My 10-year high school reunion was on the weekend. I didn’t go – I’ve lived in a different city to the one I grew up in for the last four years, I know what everyone’s up to these days because I’m an expert Facebook stalker (please, someone endorse me for this skill on LinkedIn) and, most importantly, there probably wasn’t a Romy and Michele-style three-way dance routine featuring a teenage dweeb admirer turned dreamy millionaire, so really, what’s the point?

Last week, I saw photos of my high school crush, who I spent two tragic years trying to impress over MSN with pretentious conversations about Radiohead and poetry, getting married.

At 17, I thought that by 27 I’d have it pretty figured out. Long-term relationship, if not married. With kids. And a house. That I owned. Stable job (to afford the mortgage for the house that I owned). Maybe a book or two under my belt. Definitely a dog.

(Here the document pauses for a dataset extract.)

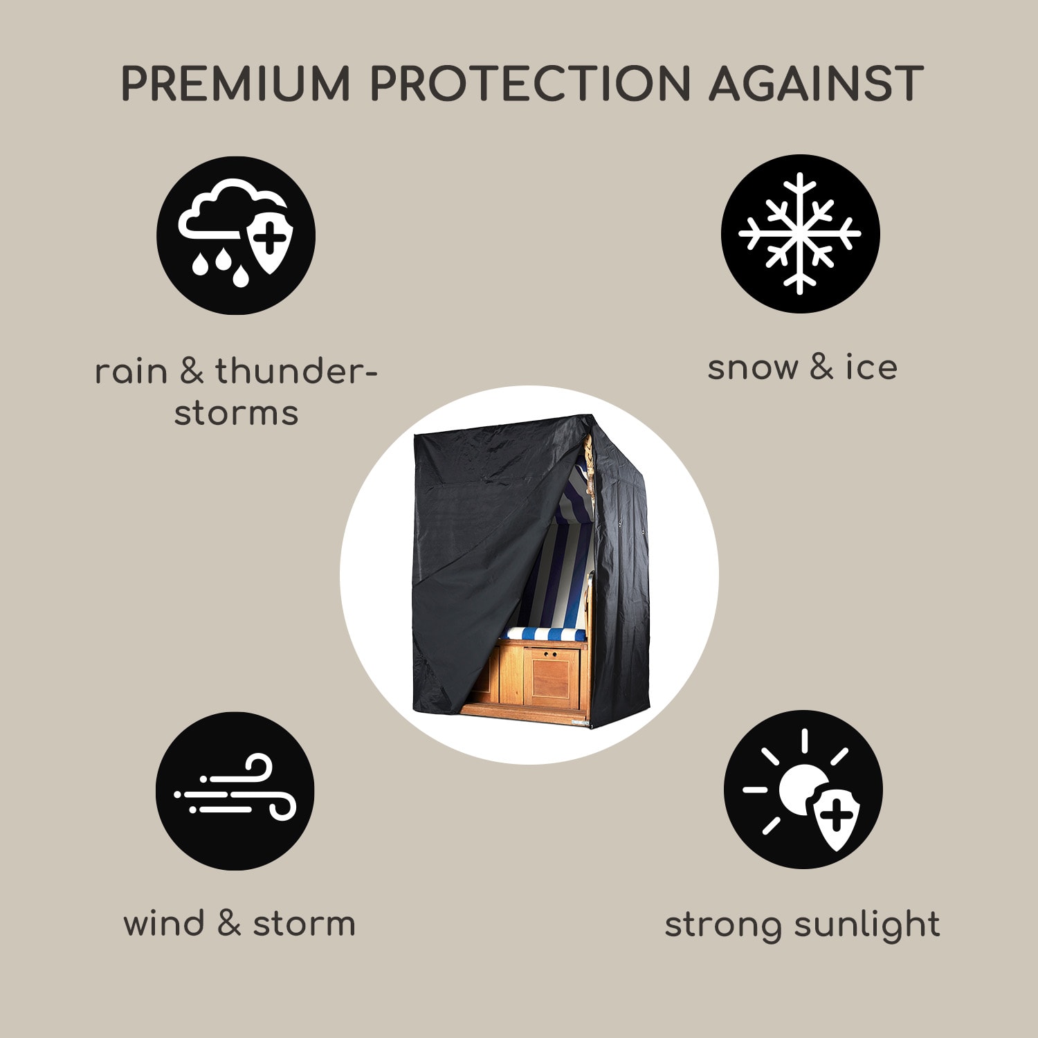 S ochranným plášťom na plážové koše od blumfeldt môžete predĺžiť krásu a životnosť Vášho koša o niekoľko rokov. Je vyrobený so špeciálneho, extra hustého polyestru, ktorý sa teší veľkej odolnosti proti poveternostným podmienkam a dlhej životnosti. Takto neprenikne ani UV žiarenie a vietor, dážď, sneh alebo ľad nemajú žiadnu šancu, aby poškodili Váš kôš. Aj znečistenie životným prostredím je vďaka krytu na kôš minimalizované. Tvorba plesní vylúčená: ochranný kryt má ventilačné otvory, ktoré sa starajú o to, aby bol Váš kôš pevne zabalený, ale napriek tomu priedušný.Kvalitný poťah bezpečne a pevne pripevníte na plážové kreslo pomocou zipsov a utiahnete spodnou šnúrkou.Odolný prémiový ochranný plášť presviedča kvalitou od blumfeldt a chráni Váš plážový kôš pred divokou pieskovou búrkou!

The reality? I often say jokingly (but not really) that I’m going through my quarter-life crisis. My life is pretty much the Friends theme song, if Friends was about a girl whose love life is less stable than the imaginary child of Bridget Jones and Taylor Swift. I don’t have kids or own property. I’ve only recently started working in a job I love after years of career uncertainty, and make a little extra on the side doing the freelance writing hustle. I’ve got 99 problems and mental health is definitely one. No dog, just a demonic cat I adopted on a whim after being unceremoniously dumped last year.

And honestly, I’ve never been happier.